### [INSTRUCTIONS FOR THE TASK]
An exact retyping of all lines below is the answer; pictures do not belong in it.

Stored records:
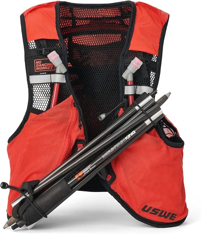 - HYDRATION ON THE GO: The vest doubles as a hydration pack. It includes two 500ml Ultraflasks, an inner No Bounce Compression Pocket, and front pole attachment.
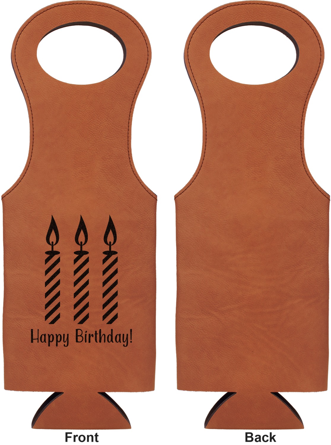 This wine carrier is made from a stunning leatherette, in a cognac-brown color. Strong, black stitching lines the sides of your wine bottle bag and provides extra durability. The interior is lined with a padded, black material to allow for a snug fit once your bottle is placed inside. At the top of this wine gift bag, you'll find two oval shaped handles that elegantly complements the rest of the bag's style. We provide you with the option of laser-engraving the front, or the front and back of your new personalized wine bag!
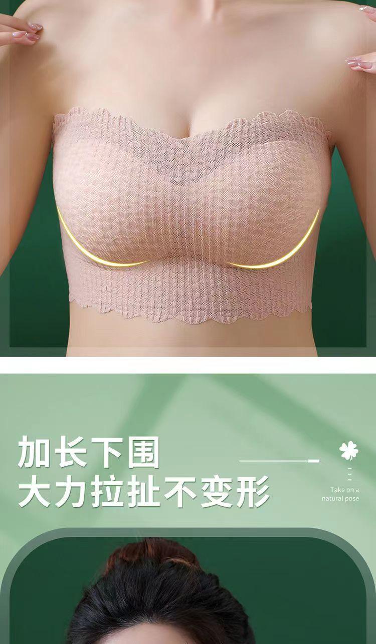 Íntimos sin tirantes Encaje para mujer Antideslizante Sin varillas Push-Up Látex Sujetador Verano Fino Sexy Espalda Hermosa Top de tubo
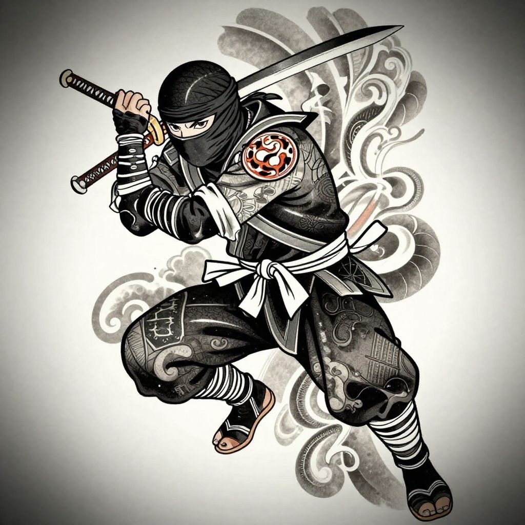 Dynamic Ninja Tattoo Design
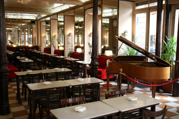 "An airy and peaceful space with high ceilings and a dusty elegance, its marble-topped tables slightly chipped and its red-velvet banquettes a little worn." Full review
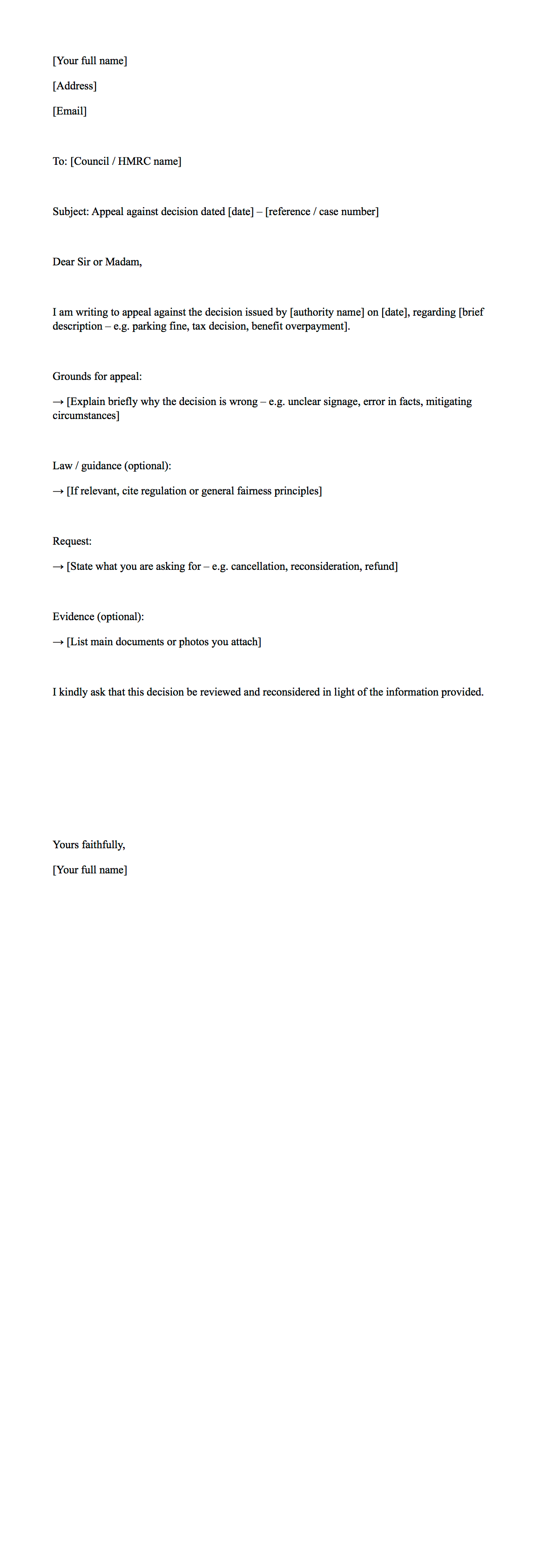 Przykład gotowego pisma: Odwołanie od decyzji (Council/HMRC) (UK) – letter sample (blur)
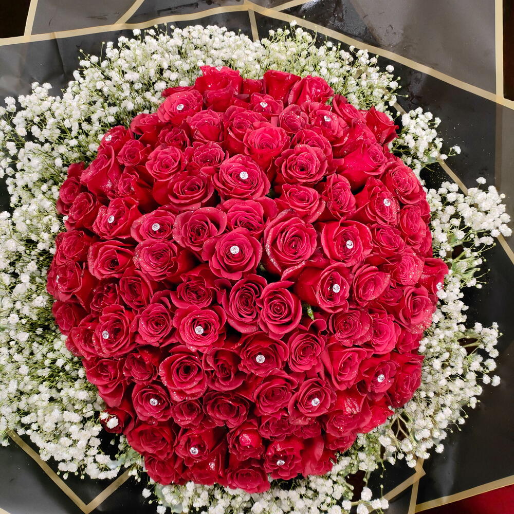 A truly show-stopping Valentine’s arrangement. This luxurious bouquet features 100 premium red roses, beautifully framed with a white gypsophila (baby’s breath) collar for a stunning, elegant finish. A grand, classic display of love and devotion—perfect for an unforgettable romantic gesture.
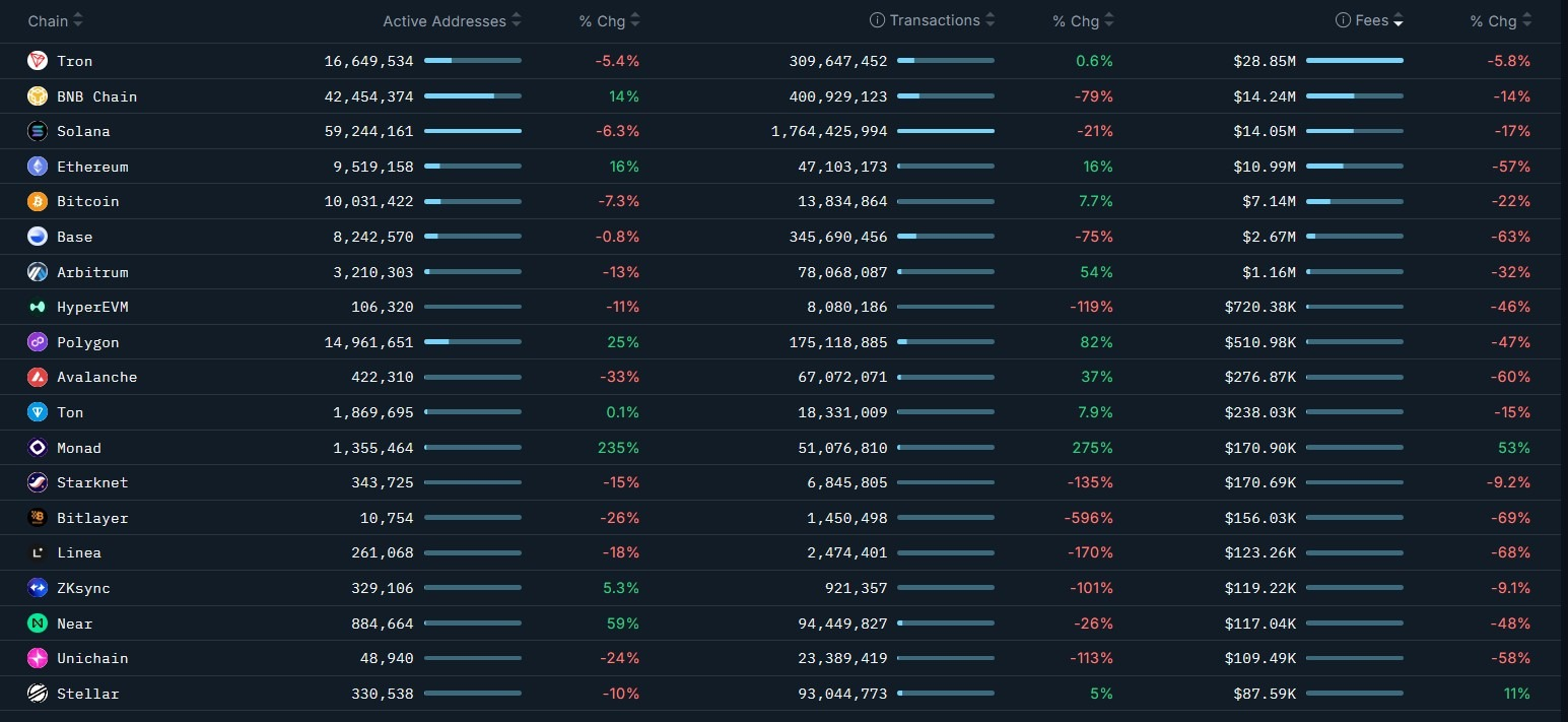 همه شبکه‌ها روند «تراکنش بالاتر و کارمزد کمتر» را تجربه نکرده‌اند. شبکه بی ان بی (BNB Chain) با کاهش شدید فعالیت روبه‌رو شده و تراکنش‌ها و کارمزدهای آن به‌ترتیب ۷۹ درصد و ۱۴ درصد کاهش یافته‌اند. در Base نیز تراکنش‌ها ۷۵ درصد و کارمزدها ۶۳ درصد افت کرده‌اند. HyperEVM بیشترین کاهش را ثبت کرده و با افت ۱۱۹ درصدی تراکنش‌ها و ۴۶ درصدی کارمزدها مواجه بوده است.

### [RESPONSE BOX]
 - HYDRATION ON THE GO: The vest doubles as a hydration pack. It includes two 500ml Ultraflasks, an inner No Bounce Compression Pocket, and front pole attachment.
 This wine carrier is made from a stunning leatherette, in a cognac-brown color. Strong, black stitching lines the sides of your wine bottle bag and provides extra durability. The interior is lined with a padded, black material to allow for a snug fit once your bottle is placed inside. At the top of this wine gift bag, you'll find two oval shaped handles that elegantly complements the rest of the bag's style. We provide you with the option of laser-engraving the front, or the front and back of your new personalized wine bag!
 Íntimos sin tirantes Encaje para mujer Antideslizante Sin varillas Push-Up Látex Sujetador Verano Fino Sexy Espalda Hermosa Top de tubo
 Dynamic Ninja Tattoo Design
 "An airy and peaceful space with high ceilings and a dusty elegance, its marble-topped tables slightly chipped and its red-velvet banquettes a little worn." Full review
 Przykład gotowego pisma: Odwołanie od decyzji (Council/HMRC) (UK) – letter sample (blur)
 A truly show-stopping Valentine’s arrangement. This luxurious bouquet features 100 premium red roses, beautifully framed with a white gypsophila (baby’s breath) collar for a stunning, elegant finish. A grand, classic display of love and devotion—perfect for an unforgettable romantic gesture.
 همه شبکه‌ها روند «تراکنش بالاتر و کارمزد کمتر» را تجربه نکرده‌اند. شبکه بی ان بی (BNB Chain) با کاهش شدید فعالیت روبه‌رو شده و تراکنش‌ها و کارمزدهای آن به‌ترتیب ۷۹ درصد و ۱۴ درصد کاهش یافته‌اند. در Base نیز تراکنش‌ها ۷۵ درصد و کارمزدها ۶۳ درصد افت کرده‌اند. HyperEVM بیشترین کاهش را ثبت کرده و با افت ۱۱۹ درصدی تراکنش‌ها و ۴۶ درصدی کارمزدها مواجه بوده است.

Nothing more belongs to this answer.